For this, I am using MinHashLSH
model present in Spark.
My dataset has categorical data. So I am using StringIndexer
followed by OneHotEncoderEstimator
followed by VectorAssembler
to convert the categorical values into continuous values.
Now I want to find nearest neighbors for a given key from my dataset and this key should be in Vector form. I am unable to find a way to convert a categorical key into a continuous vector.

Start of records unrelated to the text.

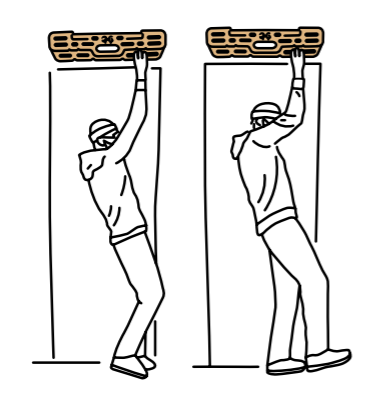 - Prends une prise confortable sur ta poutre d’entraînement d’escalade en appliquant une légère tension (~5 kg).
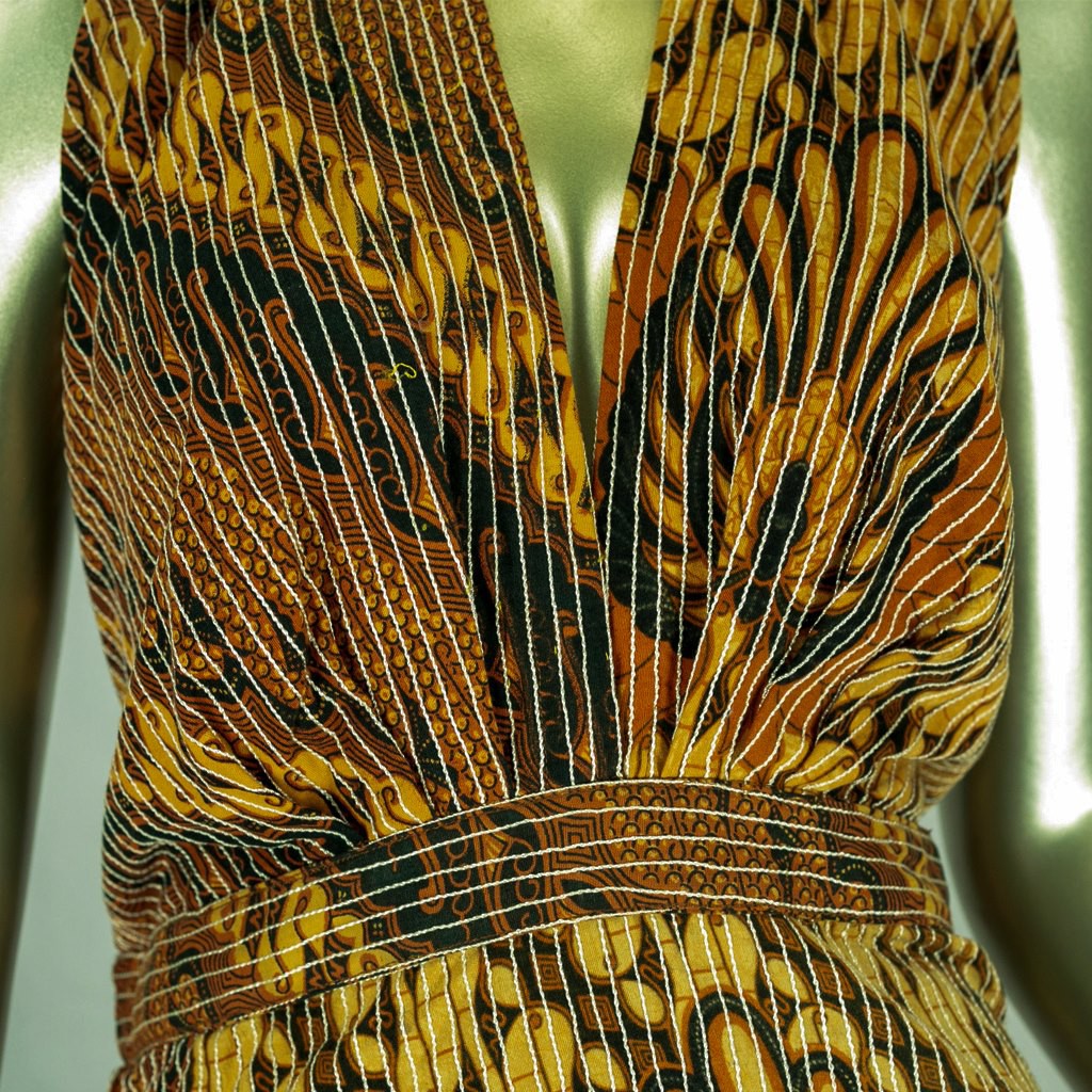 Detail GAUN MIDI WANITA DRESS BATIK LAWASAN APLIKASI BENANG TINDIS BACKLESS WARNA COKLAT
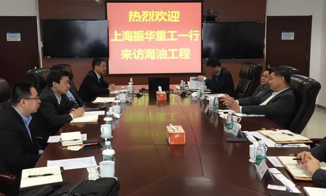 2月23日,振华重工董事长、党委书记朱连宇一行在天津拜访了海洋石油工程公司,海油工程总裁、党委书记金晓剑出席接待。双方讨论交流了油气领域现状及发展趋势,并围绕海工领域的合作进行了交流。
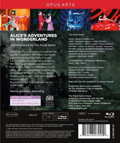 A full-length ballet created by choreographer Christopher Wheeldon for the Royal Ballet at the Royal Opera House, Covent Garden. The ballet is based on Lewis Carroll's famous story of Alice, an ordinary girl who one summer afternoon falls down a rabbit hole and finds herself on an extraordinary adventure. The music is by Joby Talbot, with designs by the internationally acclaimed Bob Crowley. Alice is danced by the Royal Ballet's Lauren Cuthbertson, and actor Simon Russell-Beale plays the cameo role of the Duchess.
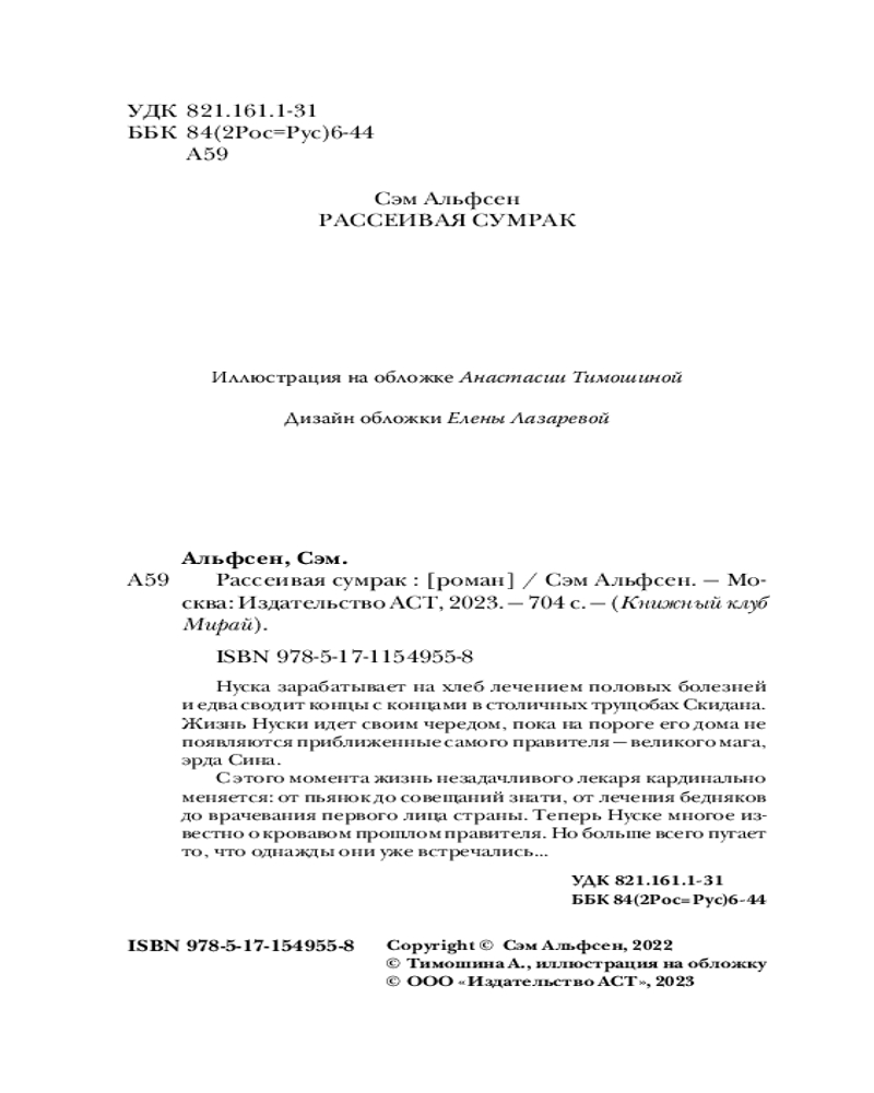 Рассеивая сумракВ данный момент этот товар отсутствует в продаже. Возможно, у нас найдется аналогичный или похожий товар здесь. Серия: Книжный клуб Мирай Нуска зарабатывает на хлеб лечением половых болезней и едва сводит концы с концами в столичных трущобах Скидана. Жизнь Нуски идет своим чередом, пока на пороге его дома не появляются приближенные самого правителя — великого мага, эрда Сина. |
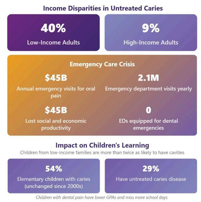 在经济影响方面,未治疗的口腔疾病每年在美国造成约450亿美元的社会与经济生产力损失。与口腔疼痛相关的急诊就诊每年花费同样超过450亿美元,仅2017年就有210万次因口腔疼痛引发的急诊就诊。
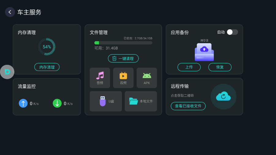 用户点击屏幕下方汽车图标,可以打开车主服务界面,可以使用多种多样的服务。

List<Row> dataA = Arrays.asList(RowFactory.create(0, "apple"),
RowFactory.create(1, "banana"),
RowFactory.create(2, "coconut"));
StructType schema = new StructType(
new StructField[] { new StructField("id", DataTypes.IntegerType, false, Metadata.empty()),
new StructField("fruits", DataTypes.StringType, false, Metadata.empty()) });
Dataset<Row> dfA = spark.createDataFrame(dataA, schema);
StringIndexer stringIndexer = new StringIndexer().setInputCol("fruits").setOutputCol("fruitIndex").setHandleInvalid("keep");
OneHotEncoderEstimator encoder = new OneHotEncoderEstimator().setInputCols(new String[]{"fruitIndex"}).setOutputCols(new String[]{"fruitVec"});
String[] featuredCols = new String[] {"fruitIndex","fruitVec"};
VectorAssembler assembler = new VectorAssembler().setInputCols(featuredCols).setOutputCol("features");
Pipeline sovPipeline = new Pipeline().setStages(new PipelineStage[]{stringIndexer, encoder, assembler});
// Feature Transformation
PipelineModel plModel = sovPipeline.fit(dfA);
Dataset<Row> dfT = plModel.transform(dfA);
MinHashLSH mh = new MinHashLSH().setNumHashTables(5).setInputCol("features").setOutputCol("hashes");
MinHashLSHModel model = mh.fit(dfT);
// model.approxNearestNeighbors(dfT, key, 2).show();
How can I create the key
(numerical continuous vector) for approxNearestNeighbors
method from a categorical key?
The Vector
you use should be transformed using the same methods as the training data. Since Pipeline
model cannot work on single item, the quickest solution is to use a single item Dataset
:
import org.apache.spark.ml.linalg.Vector;
Vector key = plModel.transform(spark.createDataFrame(Arrays.asList(
RowFactory.create(0, "some key")), schema
)).first().getAs("features");